The validation of the observational audit found high IRR in the paired observations for eight of 12 variables documented in the tool, including the appropriateness of NSG use and risk of cross contamination (see Table 3). In the five discrepant observations related to hand hygiene before or after NSG removal, with four related to hand hygiene being documented as ‘unknown’ rather than ‘yes’ or ‘no’. In two of the 22 episodes there was a minor difference in documentation of the exact point where NSG were removed (IRR 91%; Kappa 0.48); although this Kappa coefficient is likely to be underestimated because of the small sample size and disagreement with this variable was rare (Viera and Garrett, 2005) (Table 3). In addition, there was one minor variation in the description of the procedure being performed (Hygiene needs vs. tidying bed/bedspace) and nine differences noted in specific items touched out of a total of 54 documented items touched (IRR 83%) (Table 4).

Table 3.

Inter-observer agreement for variables in glove-use audit tool.

a) Variables related to 22 episodes of care

Item Description No. (%) agreement
1 Discipline of staff 22 (100%)
2 Location gloves put on 22 (100%)
3 Location task performed 22 (100%)
4 Gloving location appropriate 22 (100%)
5 Location gloves removed 22 (100%)

Table 4.

Discrepancy in items observed to be touched during procedure.

Observer 1 Observer 2
1 Call button Not recorded
2 Not recorded Slide sheet
3 Shower chair Commode
4 Not recorded Toothbrush
5 Needle & syringe Not recorded
6 Not recorded Table
7 Not recorded Sink
8 Not recorded Patient property bag
9 Crockery Zimmer frame

b) Variables related to glove removal and hand hygiene pre- and post-gloving during 22 episodes of care

Item Description No. in agreement
Total no. (%) agreement Kappa
Yes No UK
6 Hand hygiene pre-gloving 6 9 3 18 (82%) 0.72
7 Hand hygiene after removal 17 0 4 21 (95%) 0.87
8 Point of glove removal 20 2 20 (91%) 0.48

c) Variables related to 35 procedures observed during 22 episodes of care

Item Description No. (%) agreement
9 Procedure performed 35* (100%)
10 Risk of contact with blood and body fluids 35 (100%)
11 Glove use appropriate 35 (100%)
12 Risk of cross contamination 35 (100%)
*

minor variation in description for one procedure.

Discussion

Our validation study demonstrated a high level of agreement between observers in documenting the use of NSG using this audit tool, with an inter-observer agreement of 100% for the majority of variables, including appropriateness of use and risk of cross contamination, and Kappa scores of more than 0.7. In this small set of observations we found that half of the procedures where NSG were worn their use was not appropriate since there was no risk of contact with BBF or other indication for their use. In 27% of episodes of care we also found evidence that NSG use was associated with a risk of cross contamination, between the environment and patients or between patients. NSG were put on at a point distant to the patient and therefore contaminated outside the patient zone prior to patient contact. The actual risk of cross infection associated with misuse of NSG has been demonstrated by Girou et al (2004) who sampled NSG after use and recovered pathogens from 86%, even after the application of alcohol hand rub. Snyder et al (2008) also found that NSG become readily contaminated with antibiotic-resistant pathogens as a result of contact with patients or their environment. The widespread use of NSG was observed by Fuller et al (2011), who found that 26% of hand hygiene opportunities involved their use. Other studies have found poor compliance with timely removal of NSG in healthcare episodes involving more than one procedure on the same patient, particularly in the context of patient isolation for infection (Johnson et al, 1990; Patterson et al, 1991; Prieto and Macleod Clark, 2005).

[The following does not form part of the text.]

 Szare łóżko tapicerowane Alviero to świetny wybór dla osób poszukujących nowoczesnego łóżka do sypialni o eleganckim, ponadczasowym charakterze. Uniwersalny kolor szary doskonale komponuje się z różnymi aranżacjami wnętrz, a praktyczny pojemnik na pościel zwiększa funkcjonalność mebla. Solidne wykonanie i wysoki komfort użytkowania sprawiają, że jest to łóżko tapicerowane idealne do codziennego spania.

In Loveday et al (2014b) we found that the decision of healthcare workers to use NSG appeared to be influenced by feelings of disgust and misjudgement about the risk to self, and that NSG-use behaviour was often influenced by co-workers. Although we cannot be sure about the origin of these sentiments, they may have emerged from the widespread publicity about risk of HCAI, strong promotion of hand hygiene as fundamental to preventing infection, and from the promotion of personal protective clothing as part of standard precautions.

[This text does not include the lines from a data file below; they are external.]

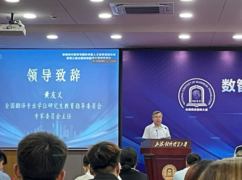 7月6日上午,上海对外经贸大学举办盛大的颁奖典礼,同时举办“数智时代翻译与国际传播人才培养高端论坛”。翻译界专家学者黄友义教授等现场颁奖。翻译界专家与行业精英共话翻译与国际传播在国家对外开放战略中的重大意义,共商高端商务翻译与国际传播人才培养的有效路径。获奖选手邹慧芳、毕雨婷及带队老师侯艳芳参加了此次论坛。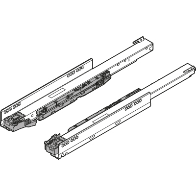 Le tiroir coulissant LEGRABOX BLUMOTION S est conçu a la fois pour un tiroir avec amortissement et pour une version sans poignée avec TIP-ON BLUMOTION. L’amortissement de base BLUMOTION est déja intégré dans le systeme, mais pour une réalisation avec TIP-ON BLUMOTION, veuillez compléter le systeme avec le module approprié selon la profondeur et le poids total du tiroir (y compris la façade et le contenu du tiroir). Pour un fonctionnement correct du systeme, il est nécessaire d’ajouter la synchronisation – arbre 282277.
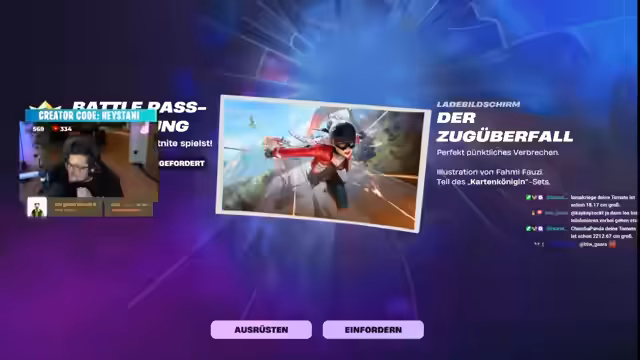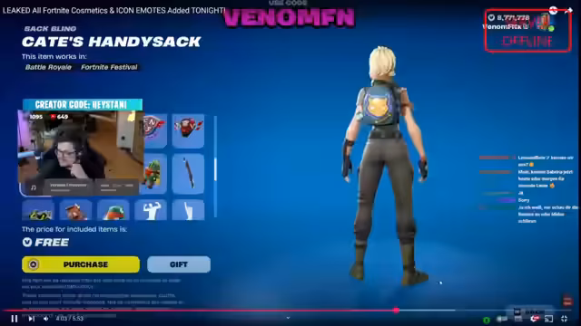 03:11:42Der Stream beginnt mit einer Vorstellung neuer Skins im Fortnite-Item Shop. Dazu gehören der Battle-Tiger-Skin, der als Remake eines Chapter-1-Skins beschrieben wird, sowie der FNCS-Skin, der als Langzeit-Bread bezeichnet wird und nicht limitiert sein wird. Es wird auch der Gratis-Kind-Zadi-Skin, auch bekannt als Killer-Hase, vorgestellt, der einen Emote beinhaltet, wobei die Maske als doff angesehen wird. Im Item Shop soll ein neues Feature eingeführt werden, das anzeigt, wenn ein Item den Shop verlässt, aber nicht, ob es jemals zurückkommt. Zudem wurde der Chewbacca-Skin aus dem Lego Pass für alle im Item Shop freigeschaltet.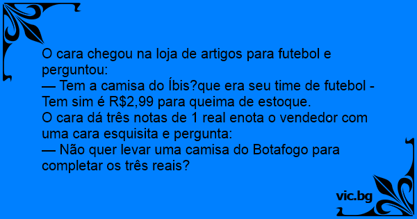 — Tem a camisa do Íbis?que era seu time de futebol -Tem sim é R$2,99 para queima de estoque.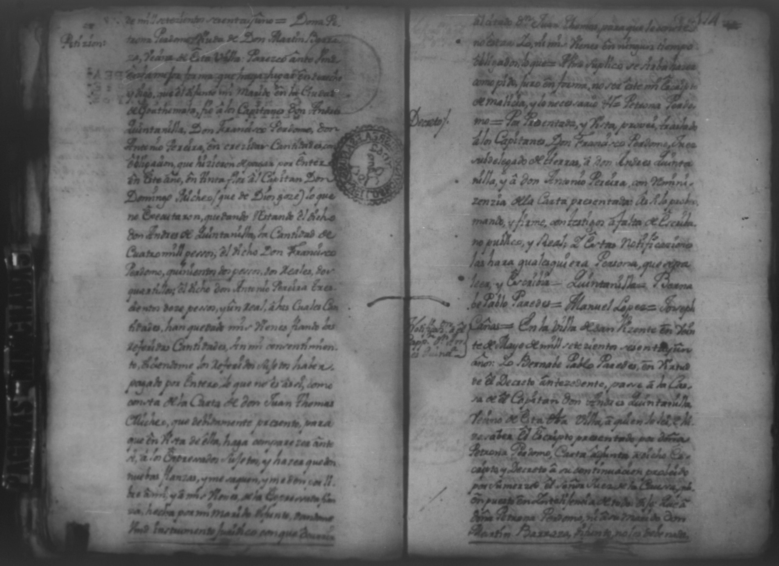 Temática: Año 1762. Executivo por Don Francisco Ignacio Chamoro, cavallero de Avito contra Don Andres de Quintanilla y concurso a sus bienes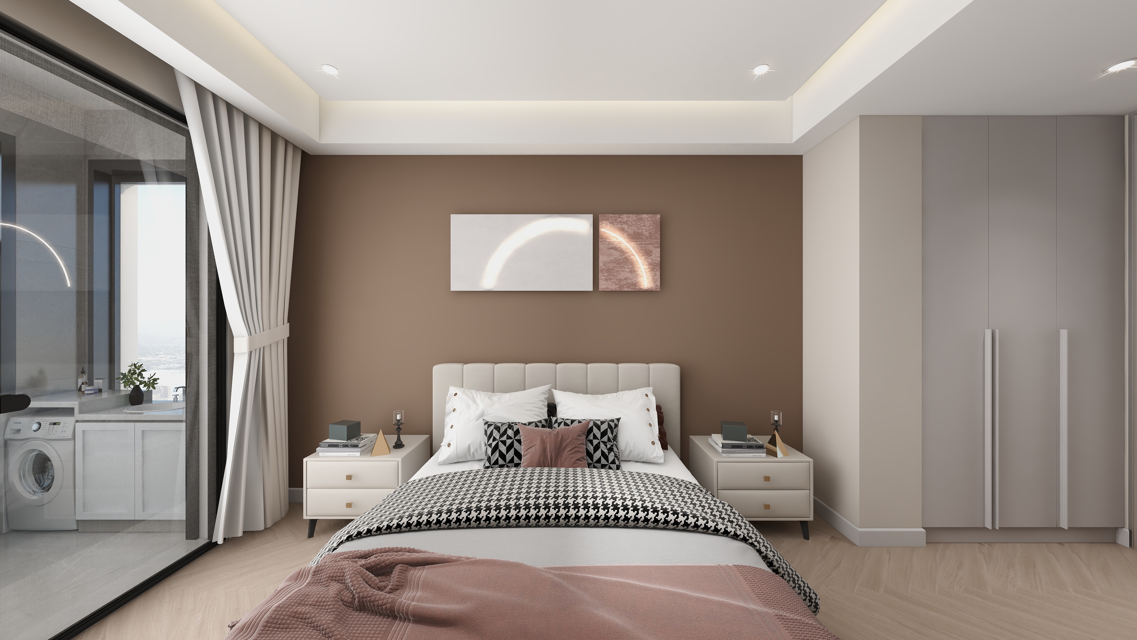 简约的墙顶面造型处理,面饰艺术涂料增加肌理感,高饱和度的大面色彩营造舒适氛围。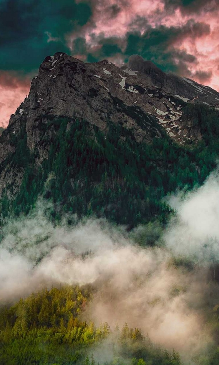Fogy forest under the mountains HD Wallpaper - 768x1280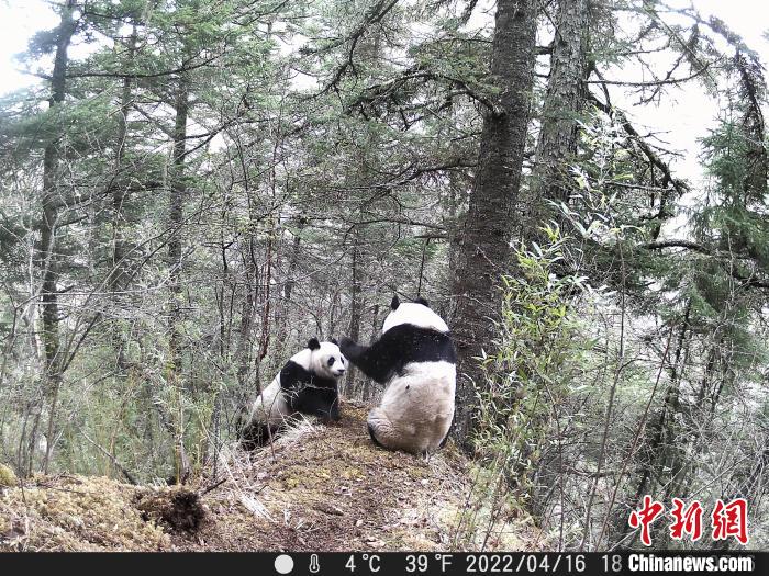 據(jù)黃龍自然保護(hù)區(qū)資源保護(hù)與科研處處長安德軍介紹,此次共拍攝到大熊貓照片300多張、視頻30段、時(shí)長共計(jì)15分鐘,完整記錄了3只雄性大熊貓爭奪配偶,最終獲勝的1只雄性大熊貓與1只雌性大熊貓交配的過程。在長達(dá)5個(gè)多小時(shí)的時(shí)間里,這只雄性大熊貓一直與雌性大熊貓?jiān)谝黄?,并多次發(fā)生交配行為。不出意外,該雌性大熊貓將在今年年底誕下幼仔,這也是有記錄以來它在張家溝誕下的第三只幼仔。

Although promotion of the 5MHH framework and the use of alcohol hand gel has become the standard approach to education and training on hand hygiene in healthcare settings (WHO, 2009b), the use of NSG does not fit easily with these principles. Guidance on use of 5MHH suggests that indications for hand hygiene are independent of those that justify the use of NSG and glove use should not replace or alter the performance of hand hygiene. However, when 5MHH was conceived it was assumed that NSG would be used as ‘a second skin to prevent exposure of hand to body fluids’ and that ‘glove removal represents a strong cue to hand hygiene’ (Sax et al, 2007). Unfortunately, our observations suggest that the use of NSG has now been extended to a wide range of clinical activities that do not involve exposure to body fluids and their use compromises the principles of the 5MHH because they are frequently donned outside the patient zone and, in the absence of exposure to body fluid, the trigger to remove them and perform hand hygiene may be lost. For example, we observed that it was common practice to put on gloves in the bay where the NSG dispenser was situated or outside the patient’s room rather than at the bedside. As a result curtains and other equipment outside the patient zone were touched by the gloved hand before contact with the patient. Similarly, donning gloves in the bay precluded the application of alcohol hand gel immediately prior to contact with the patient. Therefore, in using gloves to reduce the risk of infection, HCWs may actually increase the risk of transmission between the environment and patient and between patients through lack of their timely application and removal. It is possible that this was a factor in the contamination of curtains implicated in a recent outbreak of Group A streptococcus (Mahida et al, 2014).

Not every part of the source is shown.